**GIVEN DATA:**
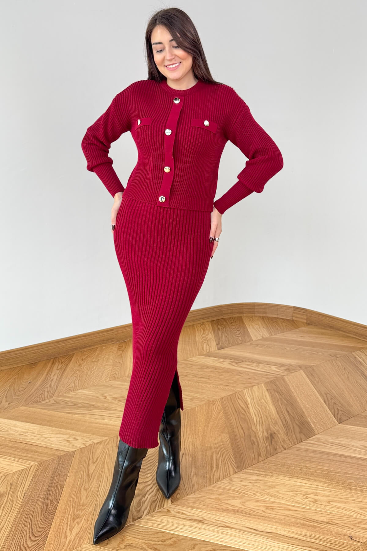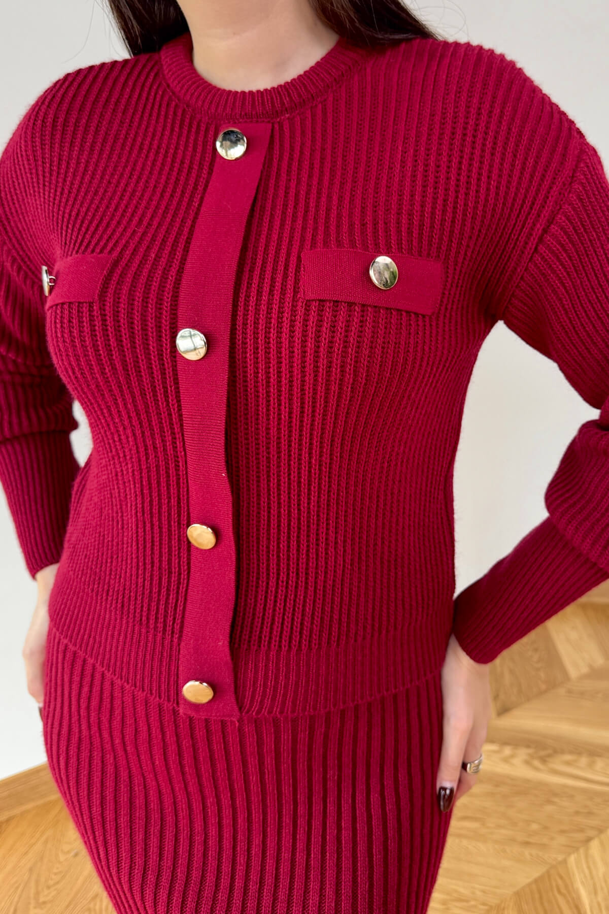 Düğme detaylı triko bluz, zarif ve zamansız bir görünüm sunar.
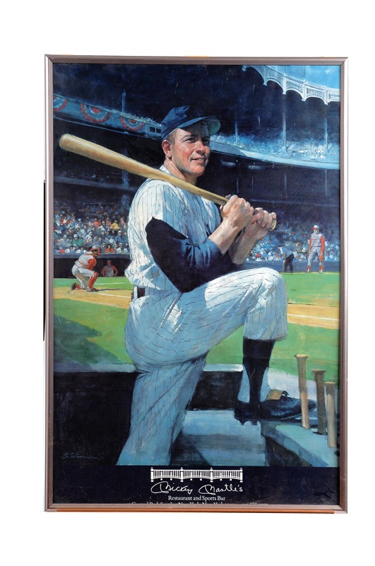 A great-assorted group of Mickey Mantle flats including a large framed 24" x 36" poster advertising Mickey Mantle's Restaurant in New York City. There is a 31" x 21 1/4" framed poster of Mick's plaque out in Monument Park. The last framed piece is a group of small black and white photos featuring a young Mantle in uniform and in street clothes. There is also an original 1950's photo of Joe Di Maggio handsomely dressed in a dark suit. The remaining pieces in the collection are assorted pieces of advertising mostly from the early 1950's, included are ads for Camel Cigarettes, Kodak film, Sports Illustrated, Rawlings Baseball equipment, Haggar Slacks, among others. Also included are a few vintage articles from the Saturday Evening Post and a June 15, 1953 Time Magazine Cover. A great lot sure to bring back several memories to a life long Mantle fan.
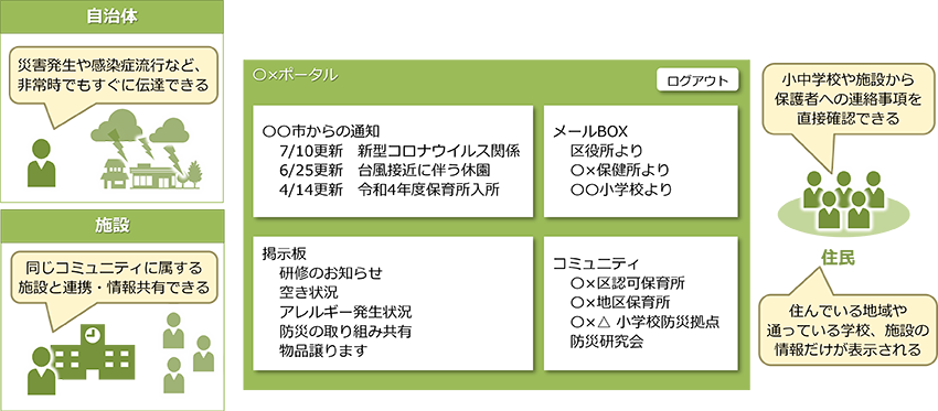 掲示板、回覧、電話、メールなど、自治体や施設から住民へのさまざまな情報伝達手段を、Webポータルに集約し、情報伝達を効率化します。住民はWebポータルを見るだけで、いつでも最新の情報を確認できるようになります。
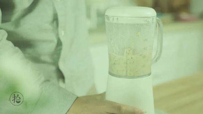 板栗加牛奶,用料理机打成栗蓉。

**WHAT YOU SHOULD DO:** Word for word, give the data above again, without any images.

**FINAL ANSWER:**
 Düğme detaylı triko bluz, zarif ve zamansız bir görünüm sunar.
 A great-assorted group of Mickey Mantle flats including a large framed 24" x 36" poster advertising Mickey Mantle's Restaurant in New York City. There is a 31" x 21 1/4" framed poster of Mick's plaque out in Monument Park. The last framed piece is a group of small black and white photos featuring a young Mantle in uniform and in street clothes. There is also an original 1950's photo of Joe Di Maggio handsomely dressed in a dark suit. The remaining pieces in the collection are assorted pieces of advertising mostly from the early 1950's, included are ads for Camel Cigarettes, Kodak film, Sports Illustrated, Rawlings Baseball equipment, Haggar Slacks, among others. Also included are a few vintage articles from the Saturday Evening Post and a June 15, 1953 Time Magazine Cover. A great lot sure to bring back several memories to a life long Mantle fan.
 掲示板、回覧、電話、メールなど、自治体や施設から住民へのさまざまな情報伝達手段を、Webポータルに集約し、情報伝達を効率化します。住民はWebポータルを見るだけで、いつでも最新の情報を確認できるようになります。
 板栗加牛奶,用料理机打成栗蓉。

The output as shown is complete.